_Activity:_
Reproduce only the lines below from the line containing "しかもテントを担ぎ、計画書に" to the line containing "- From the Left", exactly as written, with both end lines kept. Omit the pictures.

Entries taken from a collection
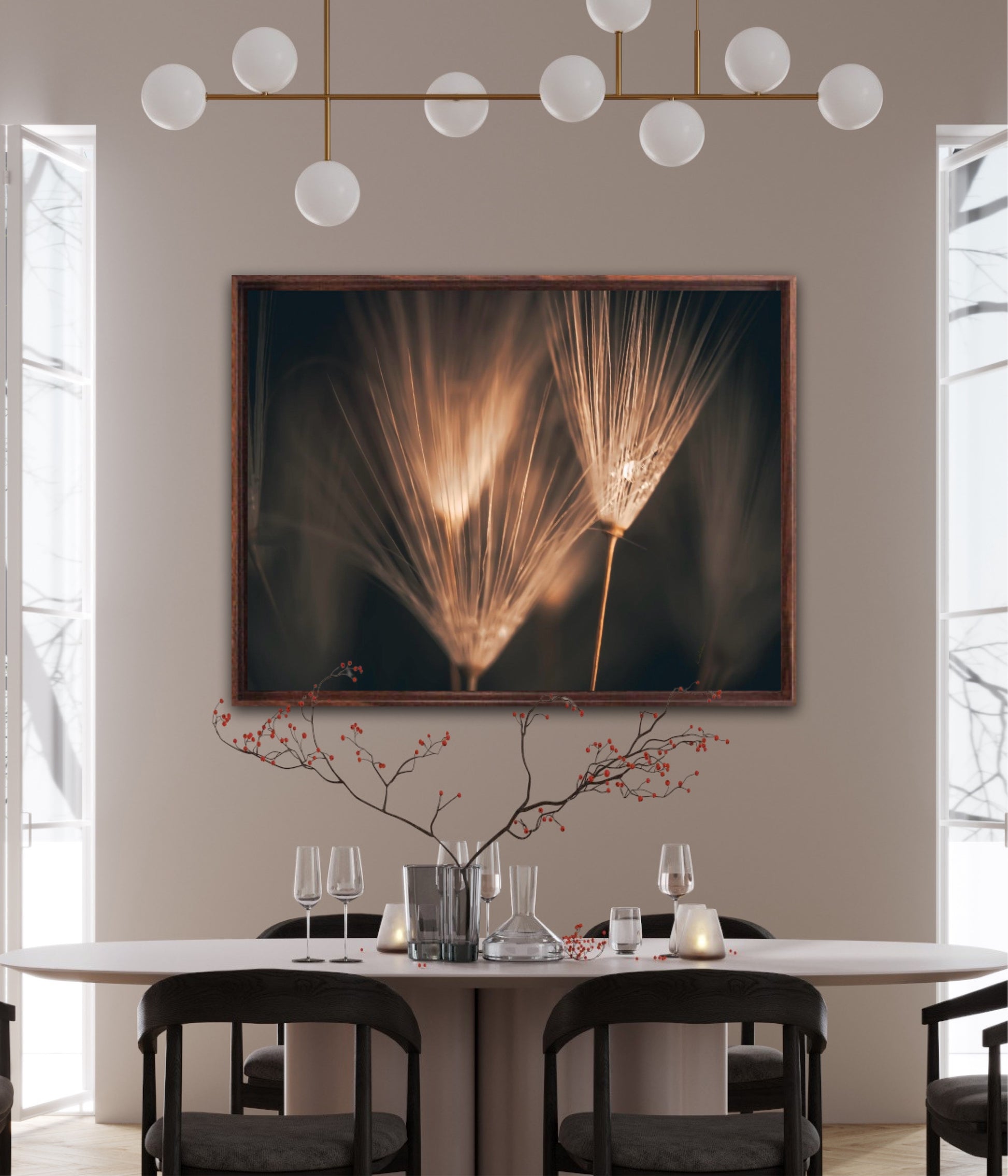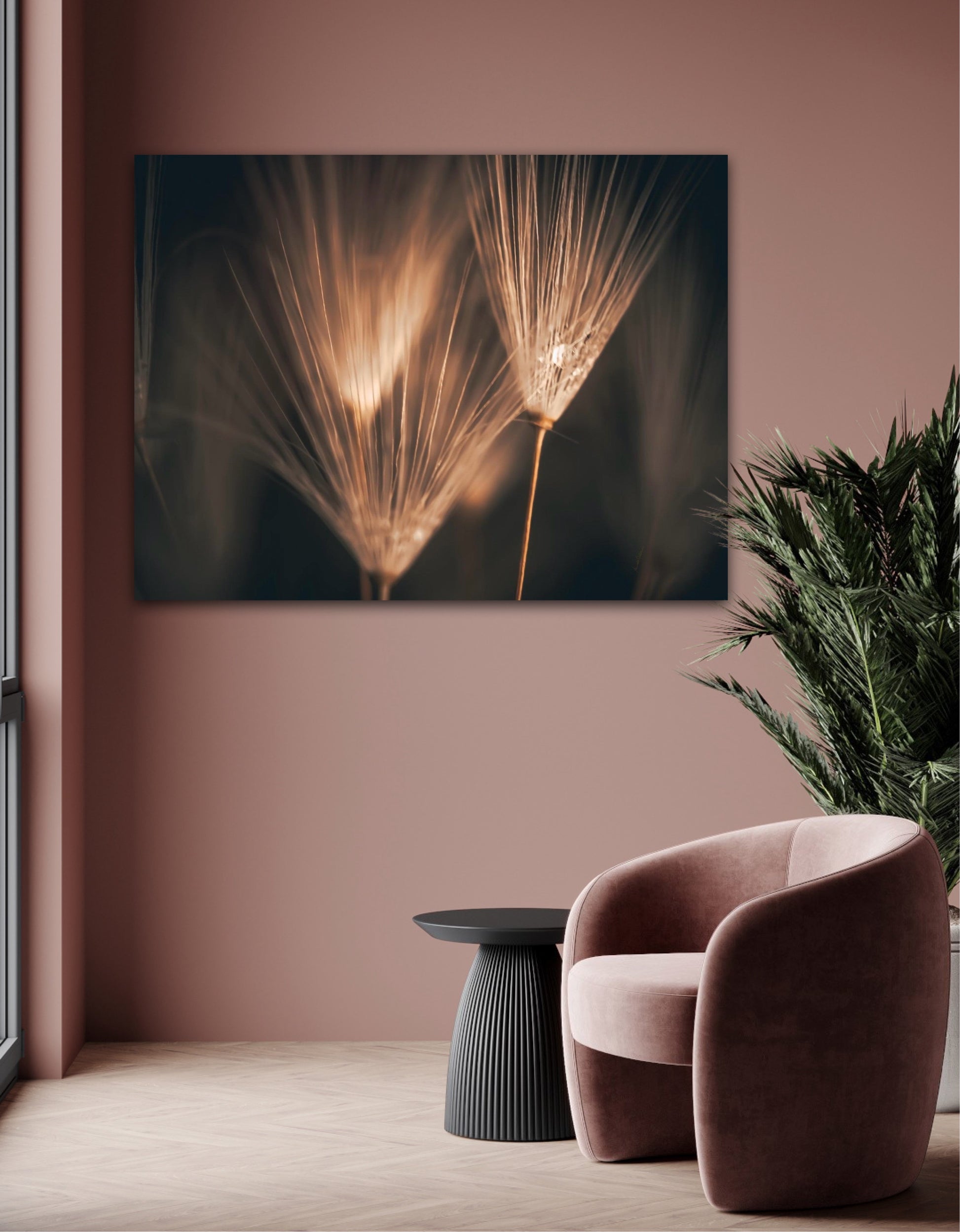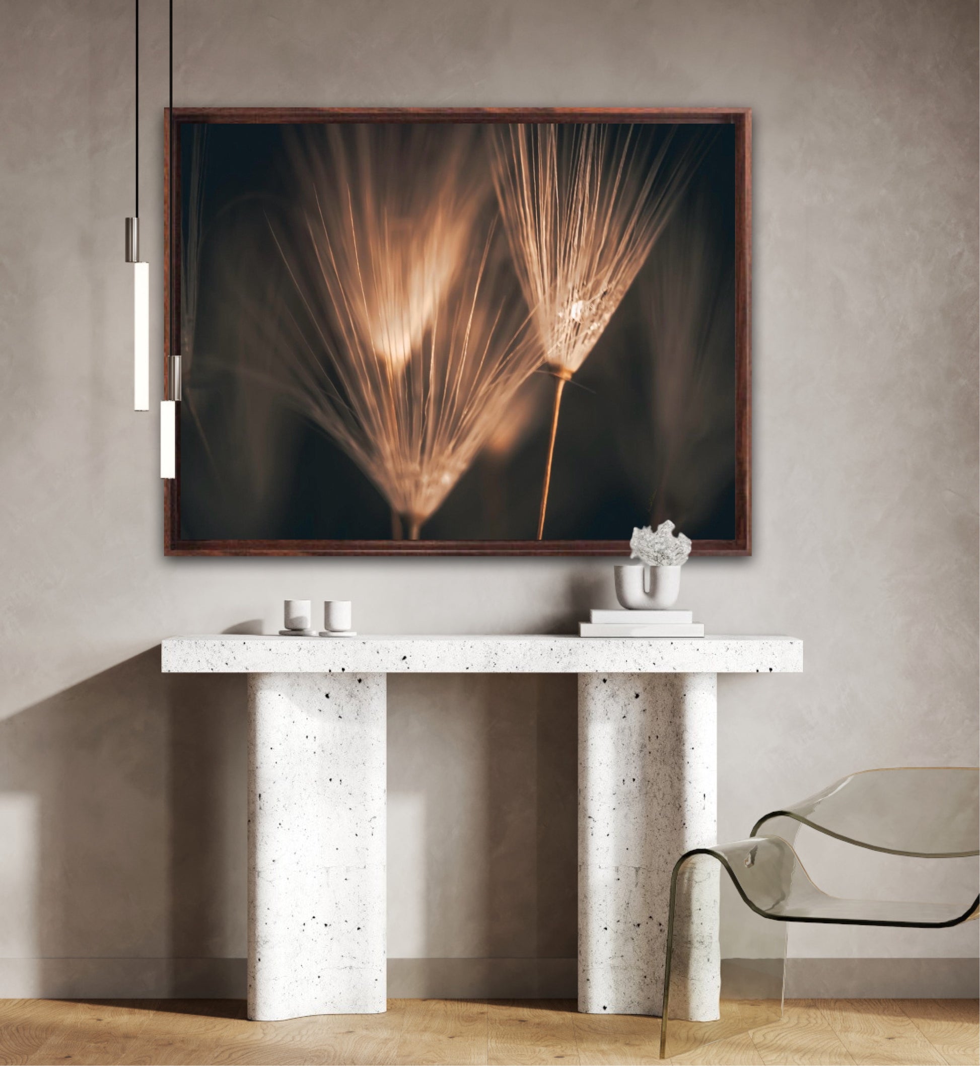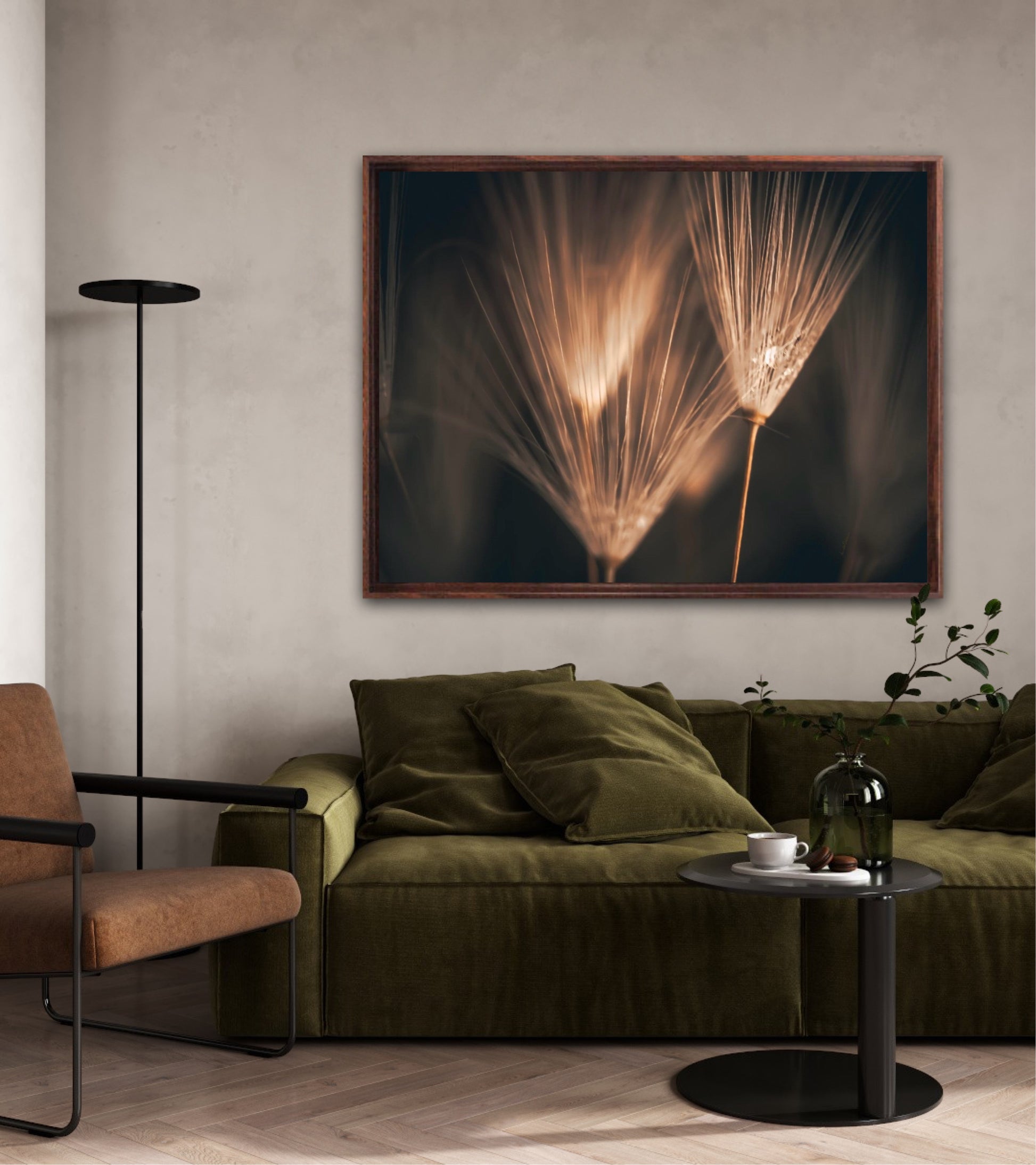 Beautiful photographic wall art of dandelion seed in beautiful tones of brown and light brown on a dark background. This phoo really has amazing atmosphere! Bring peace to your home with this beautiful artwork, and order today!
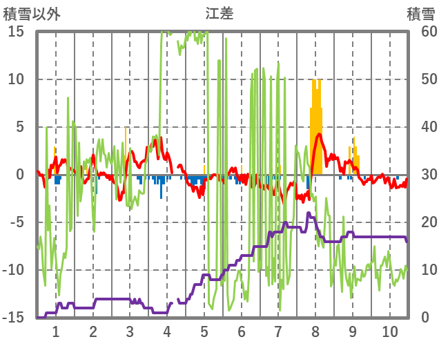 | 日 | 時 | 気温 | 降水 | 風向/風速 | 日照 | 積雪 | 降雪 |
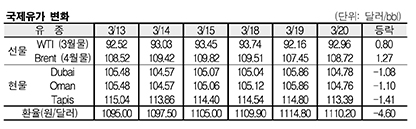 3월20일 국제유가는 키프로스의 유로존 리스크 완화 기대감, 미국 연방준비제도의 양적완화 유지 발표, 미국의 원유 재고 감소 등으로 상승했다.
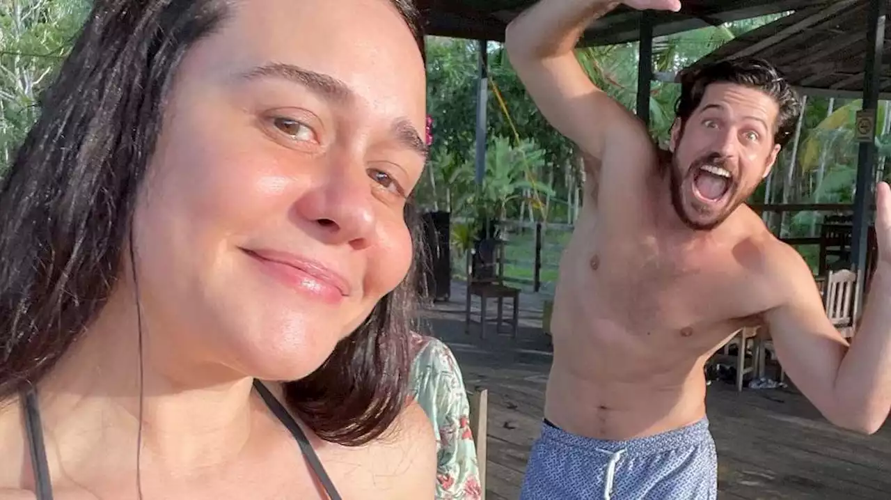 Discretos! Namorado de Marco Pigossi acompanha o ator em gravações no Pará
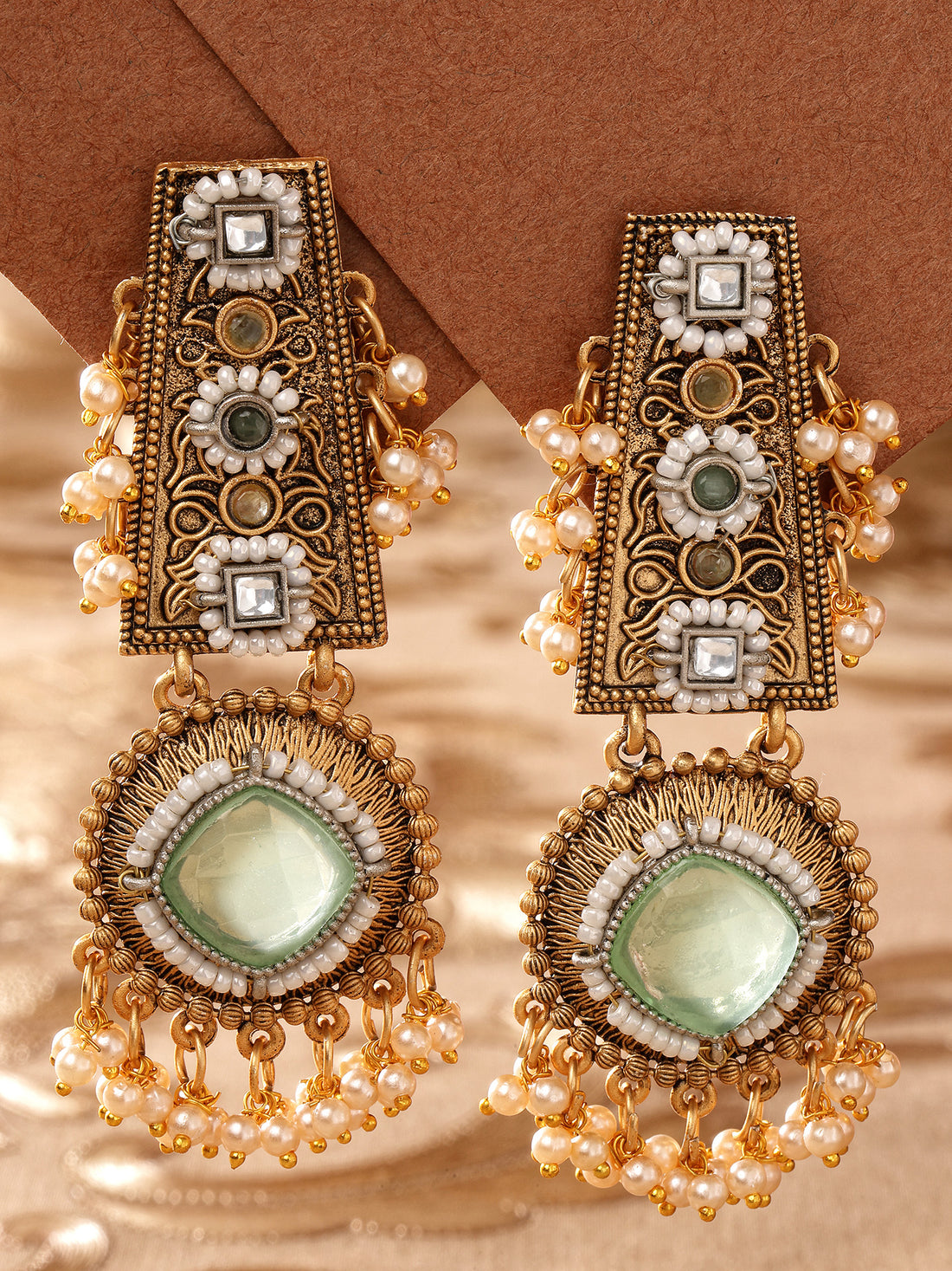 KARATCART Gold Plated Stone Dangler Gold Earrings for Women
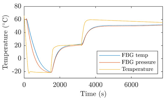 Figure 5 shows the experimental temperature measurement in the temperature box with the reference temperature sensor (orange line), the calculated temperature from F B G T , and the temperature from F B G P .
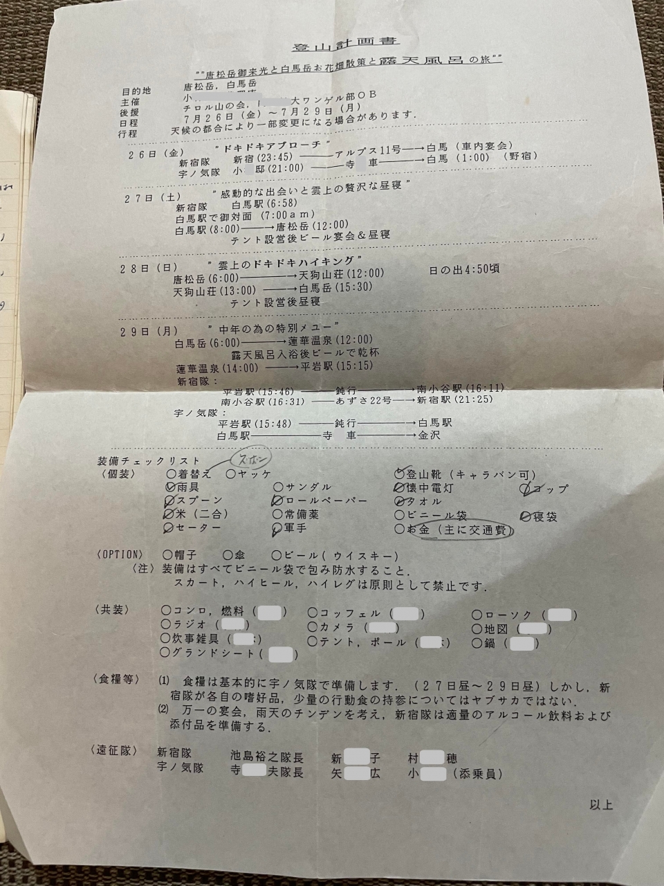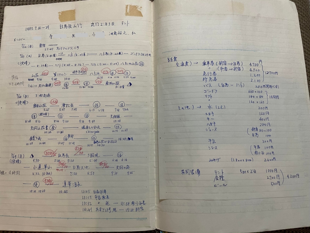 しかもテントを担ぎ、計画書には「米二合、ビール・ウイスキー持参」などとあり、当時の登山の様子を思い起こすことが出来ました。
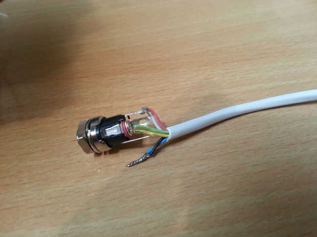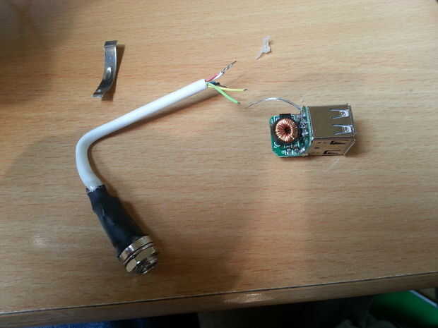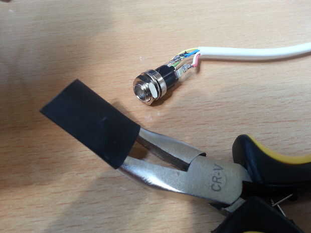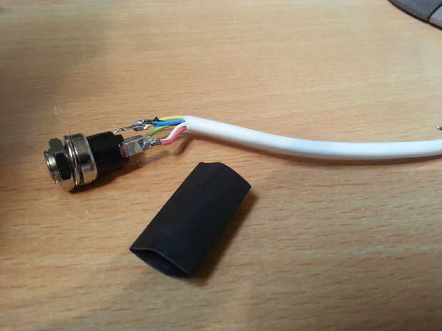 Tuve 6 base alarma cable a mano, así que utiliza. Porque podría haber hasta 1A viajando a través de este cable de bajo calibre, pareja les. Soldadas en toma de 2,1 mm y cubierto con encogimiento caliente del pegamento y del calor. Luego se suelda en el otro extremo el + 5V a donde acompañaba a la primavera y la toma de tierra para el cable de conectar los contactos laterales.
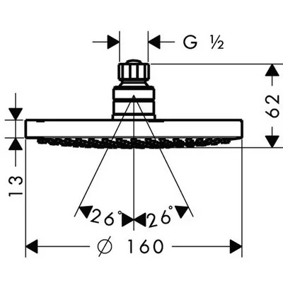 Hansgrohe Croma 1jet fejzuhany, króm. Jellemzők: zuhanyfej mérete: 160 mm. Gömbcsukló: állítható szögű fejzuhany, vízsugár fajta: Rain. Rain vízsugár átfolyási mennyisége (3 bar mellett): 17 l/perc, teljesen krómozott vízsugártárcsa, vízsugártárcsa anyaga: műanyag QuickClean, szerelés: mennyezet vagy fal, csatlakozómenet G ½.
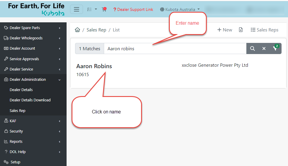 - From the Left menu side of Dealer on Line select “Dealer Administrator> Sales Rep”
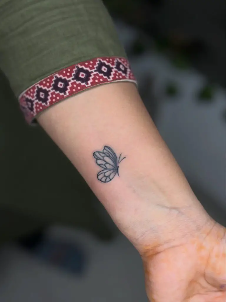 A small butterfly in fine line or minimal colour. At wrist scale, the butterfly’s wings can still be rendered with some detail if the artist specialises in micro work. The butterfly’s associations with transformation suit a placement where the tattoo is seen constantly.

_Answer for this exercise:_
 しかもテントを担ぎ、計画書には「米二合、ビール・ウイスキー持参」などとあり、当時の登山の様子を思い起こすことが出来ました。
 Tuve 6 base alarma cable a mano, así que utiliza. Porque podría haber hasta 1A viajando a través de este cable de bajo calibre, pareja les. Soldadas en toma de 2,1 mm y cubierto con encogimiento caliente del pegamento y del calor. Luego se suelda en el otro extremo el + 5V a donde acompañaba a la primavera y la toma de tierra para el cable de conectar los contactos laterales.
 Hansgrohe Croma 1jet fejzuhany, króm. Jellemzők: zuhanyfej mérete: 160 mm. Gömbcsukló: állítható szögű fejzuhany, vízsugár fajta: Rain. Rain vízsugár átfolyási mennyisége (3 bar mellett): 17 l/perc, teljesen krómozott vízsugártárcsa, vízsugártárcsa anyaga: műanyag QuickClean, szerelés: mennyezet vagy fal, csatlakozómenet G ½.
 - From the Left menu side of Dealer on Line select “Dealer Administrator> Sales Rep”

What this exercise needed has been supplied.